After Charlottesville violence, NASW urges President Trump to condemn white supremacy

Aug 14, 2017

Photo courtesy of Getty.

Photo courtesy of Getty.

NASW STATEMENT:

 

The white supremacist rallies and resultant violence in Charlottesville, VA on August 12 were a blight on American values and unacceptable. In the aftermath of this tragedy the National Association of Social Workers (NASW) calls on President Donald Trump to show leadership by naming and condemning white supremacy in all its forms.

NASW also offers its condolences to the families, friends and associates of Heather Heyer, who was killed when a white supremacist deliberately crashed a car into people who were protesting the rally, and Virginia State Police officers Lt. H. Jay Cullen and pilot Berke Bates, who died in a helicopter crash while monitoring the rally.

NASW recognizes and supports the right of all Americans to free speech. However, hate has no place in America. According to the Southern Poverty Law Center, there are currently 917 hate groups in the United States and most are comprised of white supremacists.

At a moment when the nation needed presidential leadership, President Trump failed to meet that need.

The number of these groups has proliferated in the past 10 years and this trend must be reversed. The Trump administration must take immediate steps to closely monitor the activities of these hate groups. The administration also must aggressively respond to incidents of civil rights violations or acts of violence perpetrated by hate groups.

The statements made this weekend by President Trump on the tragedy were wholly inadequate. The president’s failure to explicitly condemn white nationalism and neo-Nazism is unacceptable. At a moment when the nation needed presidential leadership, President Trump failed to meet that need.

NASW calls on President Trump and his administration to immediately and unambiguously denounce white supremacy, hate speech and crimes, and the hate groups that have proliferated over the past decade. He must do so in the strongest possible terms. The president must also officially state that the deadly attack that occurred Saturday was an act of domestic terrorism.
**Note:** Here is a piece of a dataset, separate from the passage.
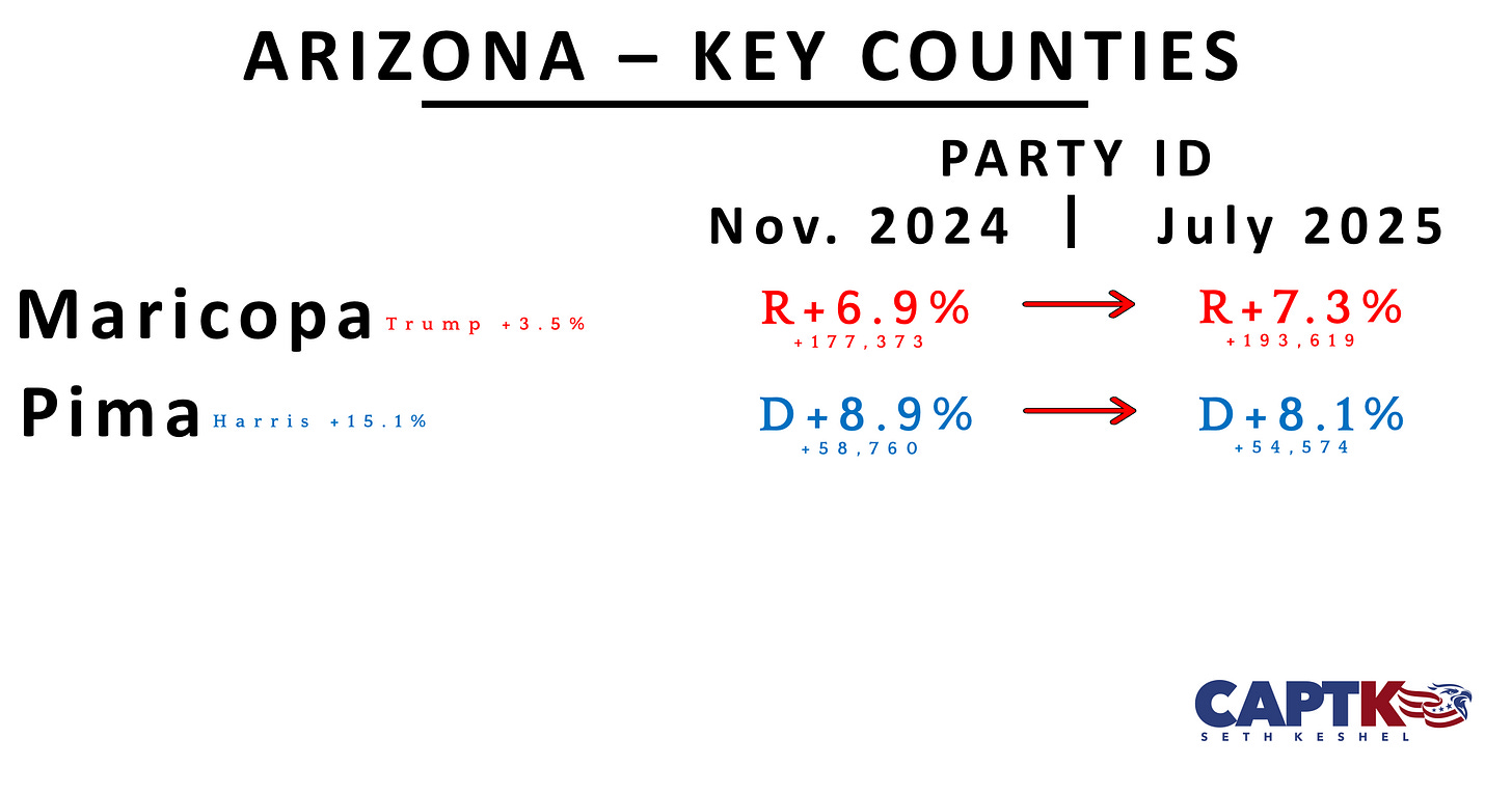 15 of 15 Arizona counties have a Republican registration lean since November 2024 as the state moves back into the reliably Republican category in presidential races.
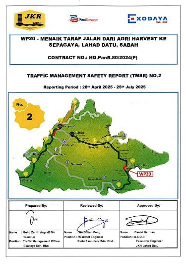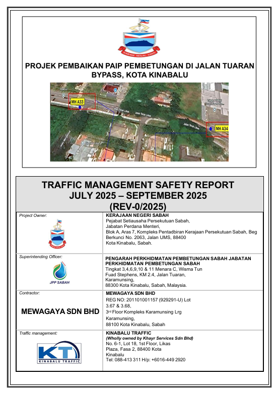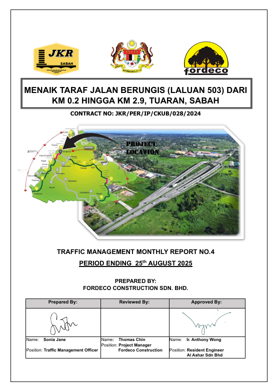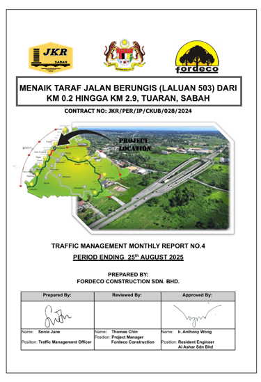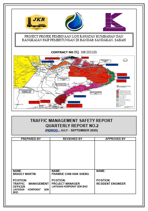 The Traffic Management Safety Reports (TMSR) is an essential document in the execution of the project. These reports are to be submitted at 3 monthly intervals to the S.O., the Supervision Engineers and the Road Safety Auditor. These reports are to be prepared by the Traffic Management Officer (TMO) and shall include the following:

As immediate steps, the president must also ensure that the Department of Justice (DOJ) investigates the tragic events in Charlottesville as a hate-related civil rights violation. Similarly, President Trump must restore domestic terrorism surveillance as an equal priority along with international terrorism surveillance. Preventing future tragedies, such as what we all witnessed in Charlottesville, must become a top priority of this administration.